I thought Molotov’s reply was more cordial and forthcoming to what was after all only a personal and private enquiry than I had expected. It strengthens my view that the new government in the Kremlin are both anxious about the thermo-nuclear future and secondly, attracted by the idea of a peaceful period of domestic prosperity and external contacts. This is certainly my view of what is their self-interest. I was struck by the fact that they did not suggest a meeting in Moscow but respected my wish to leave the time and place entirely unsettled. Of course it would be much better to have even the two power meeting about which I enquired in Stockholm or Vienna or Berne and if the Cabinet decide to go forward with the project a margin of six or eight weeks would be open to us for fitting the timing into the movement of events both at Geneva and in Indo-China.

[Page 1040]

It is on all this that I most earnestly seek your advice, while being willing to bear the brunt of failure on my own shoulders.

4.
I fear that grave military events impend in the Tonkin Delta and indeed, throughout Indo-China. I have heard that General Ely4 does not think that there is any hope of holding an effective bridgehead in the Delta. There is, I am told, no doubt which way the Viet Nam population would vote if they were freely consulted. I well understood the sense of disaster and defeat in Indo-China may produce a profound effect in the United States as well as far-reaching reactions in Siam and Malaya. It is my hope that an increasing detachment of Russia from Chinese ambitions may be a possibility, and one we should not neglect.
5.
Meanwhile, we shall keep you most thoroughly informed and I shall not seek any decision to make an official approach until I hear from you again. All I have said to Molotov in thanking him for his telegram is that a few days will be needed before any reply can be sent. There can be no question of a public announcement before our two governments have consulted together about policy and also agreed on what it is best to say.
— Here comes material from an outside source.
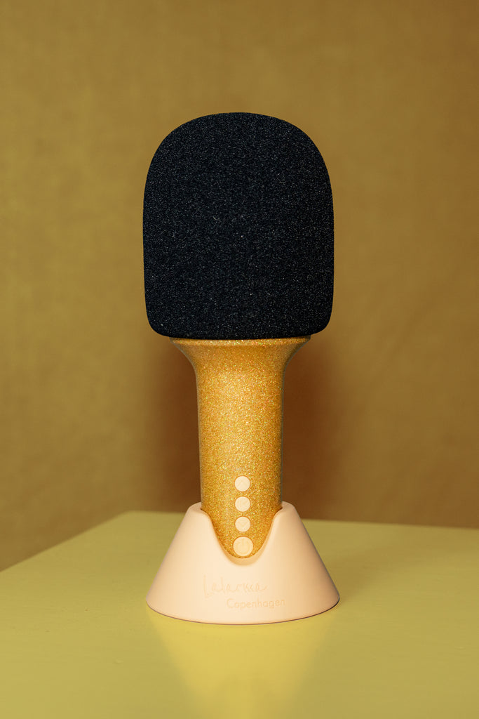 De LaLarma Microfoon Glitter Goud is microfoon en speaker in één. Met lichtjes die meebewegen op muziek.

I have impressed on the Soviet Ambassador the importance of absolute secrecy.

With kindest regards,

Yours ever,

Winston
  1. The source text was attached to a note from Ambassador Makins to President Eisenhower which stated that the Prime Minister asked that it be sent to the President.
  2. Summarized in Document 443.
  3. Document 404. For the President’s reply, see Document 405.
  4. French Commander in Chief in Indochina.